At least 10 people have been killed in a suicide bomb attack on a Shia mosque in the Kuwaiti capital.
Dozens of people were injured, with images circulating online of bloodied bodies on the mosque floor amid debris. The blast hit during Friday prayers at the Imam Sadiq Mosque in al-Sawaber, a busy area to the east of Kuwait City.
An Islamic State- (IS) affiliated group said it was behind the attack. IS has carried out similar recent attacks in neighbouring Saudi Arabia and Yemen.
The governor of Kuwait City, Thabet al-Muhanna, told Reuters 10 people had died in the suicide attack. However, the AFP news agency said at least 13 people were killed, with at least 25 people taken to hospital with injuries.
A Kuwaiti MP, who saw the attacker, said the mosque was packed with some 2,000 people when there was a loud explosion, Reuters reported.

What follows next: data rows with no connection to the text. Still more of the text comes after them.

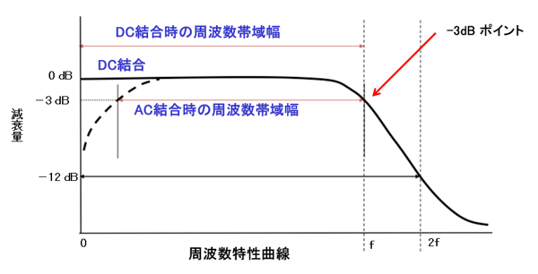 「周波数帯域は、振幅がマイナス3dBのところです。」のところもオシロスコープだけの話ではありません。
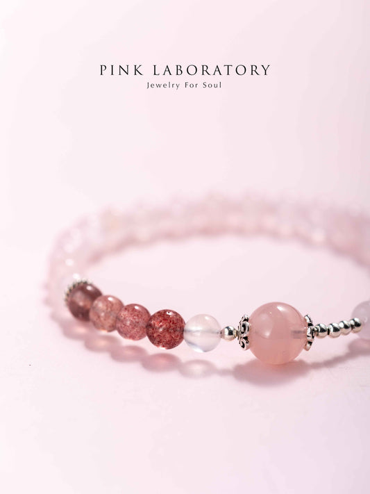 粉水晶草莓晶925純銀手鍊
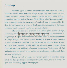 Questo catalogo bilingue (giapponese/inglese) sugli shojo manga e i suoi autori/autrici è stato pubblicato nel 2008 a fronte di due distinte mostre avvenute in Giappone e nel nord america (se ho compreso bene lo scritto in inglese...). Da quello che mi è parso di capire la prima parte della mostra è stata proposta negli Usa e in Canada, ed è terminata intorno al 2007, mentre le mostre in Giappone sono avvenute nel 2008. Il catalogo introduce il lettore alle opere di 23 autori di shojo manga, presentati con schede monografiche di due pagine, più un breve riassunto della loro carriera. Sono presenti alcuni scritti che analizzano il fenomeno "shojo manga" da diversi punti di vista, l'opera è conclusa con la proposizione di una breve intervista a 11 dei 23 artisti presentati.
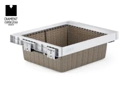 Ratanový kôš je vybavený systémom plného výsuvu, ktorý umožňuje úplné vysunutie koša zo skrine alebo šatníka. Tým získate ľahký prístup ku všetkým uloženým veciam, aj k tým na samom konci koša. Systém plného výsuvu zabezpečuje plynulý a stabilný chod, čo zvyšuje komfort používania a uľahčuje organizáciu priestoru.
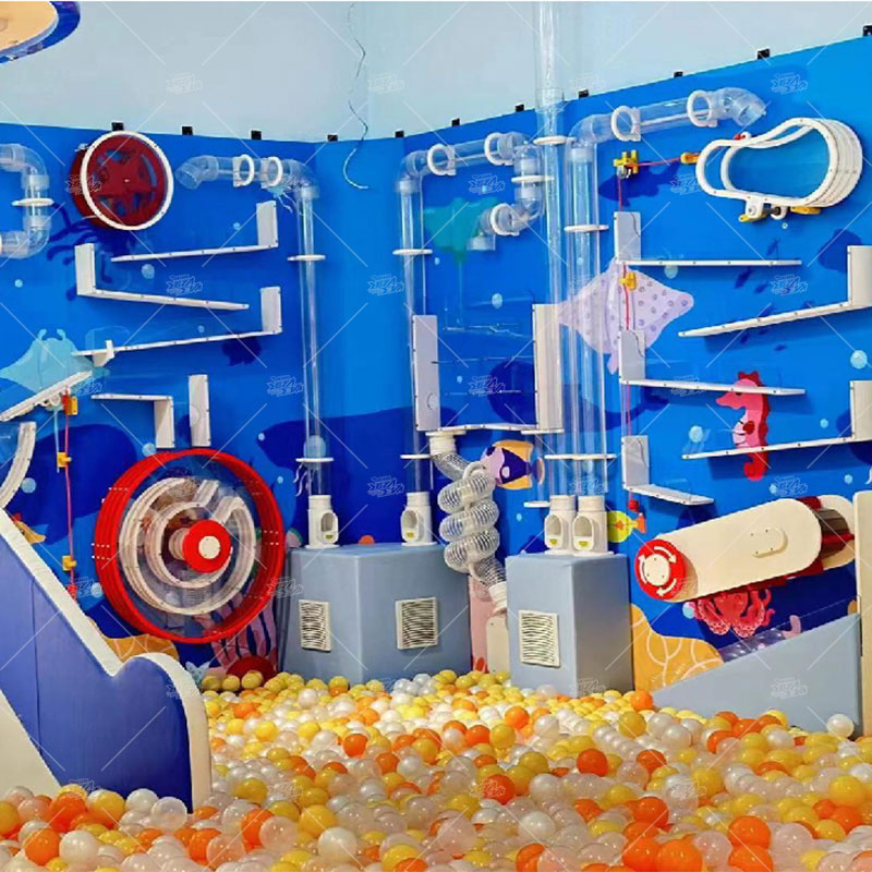 这是一组以宽1.2米为标准的系列透明球墙,每面球墙可以自由组展。将小球放入进球口中,负压将小球吸入洞中且沿管道运动,最终进入到各个动作模块中,小朋友在玩耍过程中体验各种运行和力学知识。
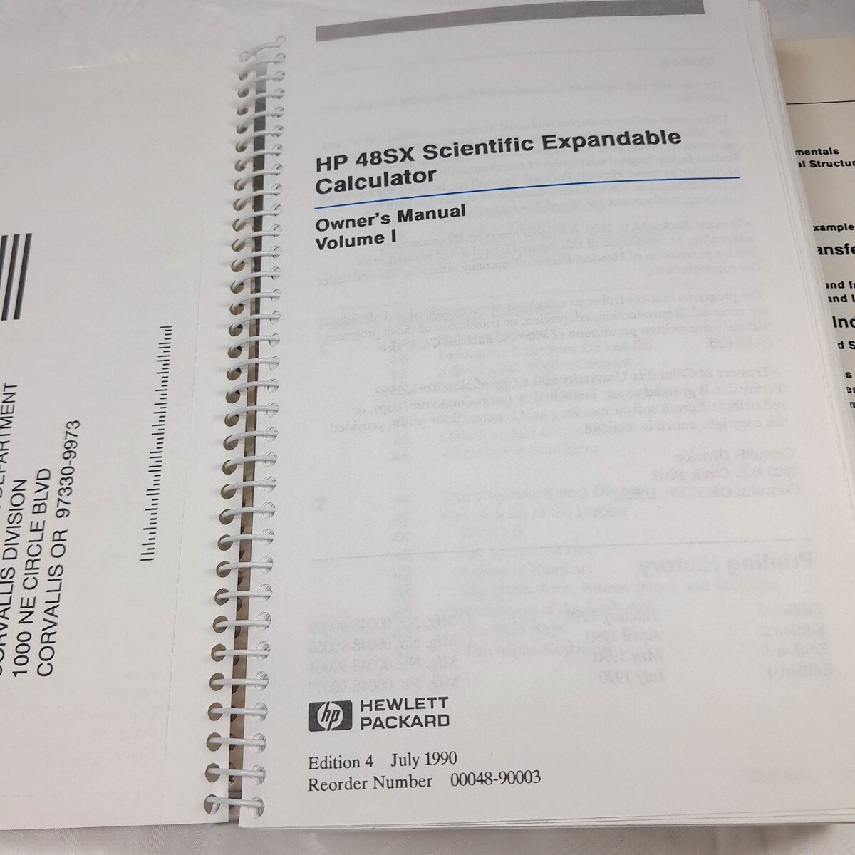Includes HP 48SX Scientific Expandable Owner?s Manual Volume 1 and 2 from 1990, edition 4
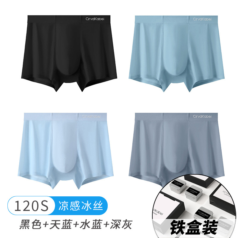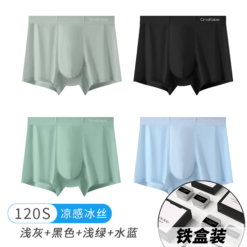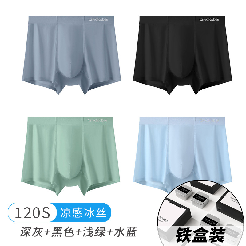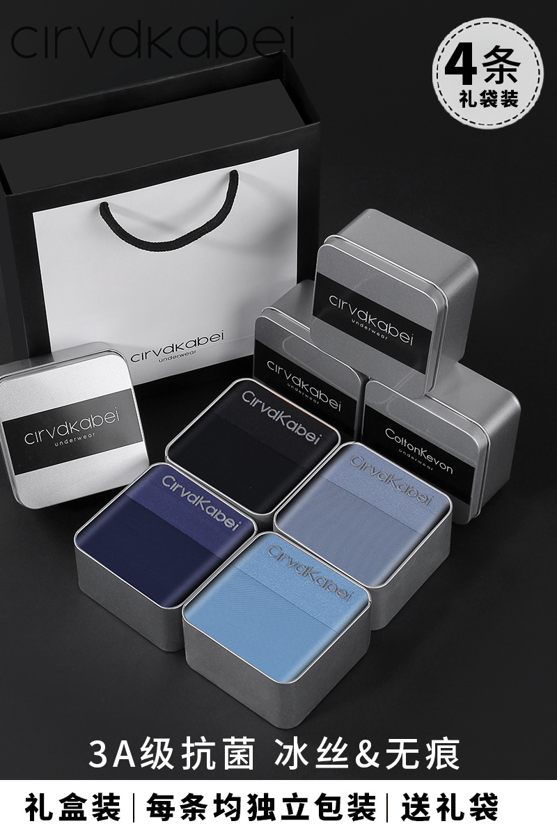 무료 배송 철 박스 남성용 속옷 남성용 아이스 실크 트레이스 항균 크로트치 얇은 복서 복서 반바지 머리 선물 박스스토어 가기
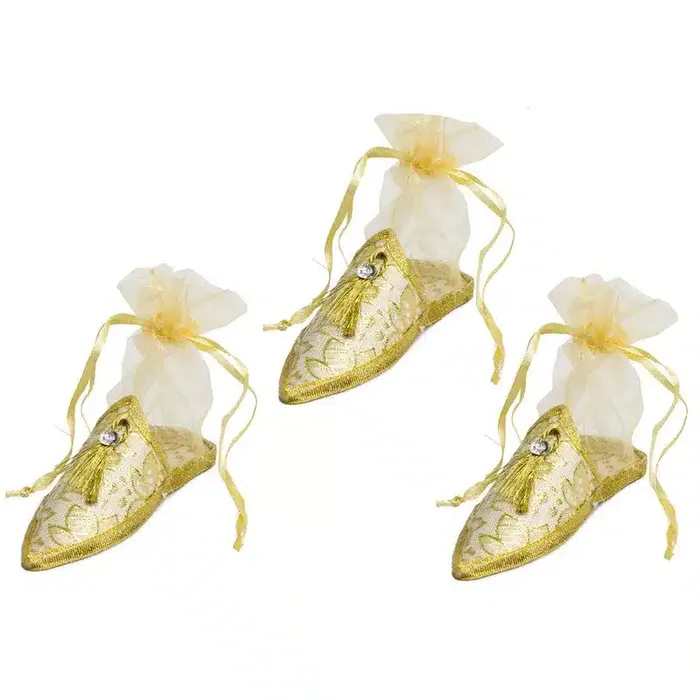 חבילת 3 נעלי מרוקו + שקית אורגנזה 12\4 ס"מ - זהב

"It was obvious from the suicide bomber's body that he was young. He walked into the prayer hall during sujood [kneeling in prayer], he looked... in his 20s, I saw him with my own eyes," Khalil al-Salih told the news agency.
Kuwaiti Prime Minister Sheikh Jaber al-Mubarak al-Sabah said the attack was an attempt to threaten national unity. "But this is too difficult for them and we are much stronger than that," he added.
State TV showed the Kuwaiti Emir, Sheikh Sabah al-Ahmad al-Sabah, visiting the damaged mosque.
An IS affiliate calling itself the Najd Province - the same group that claimed a pair of bombing attacks on Shia mosques in Saudi Arabia in recent weeks - said it was behind the attack.
Sunni-ruled Kuwait has a large Shia minority, which IS considers to be heretics.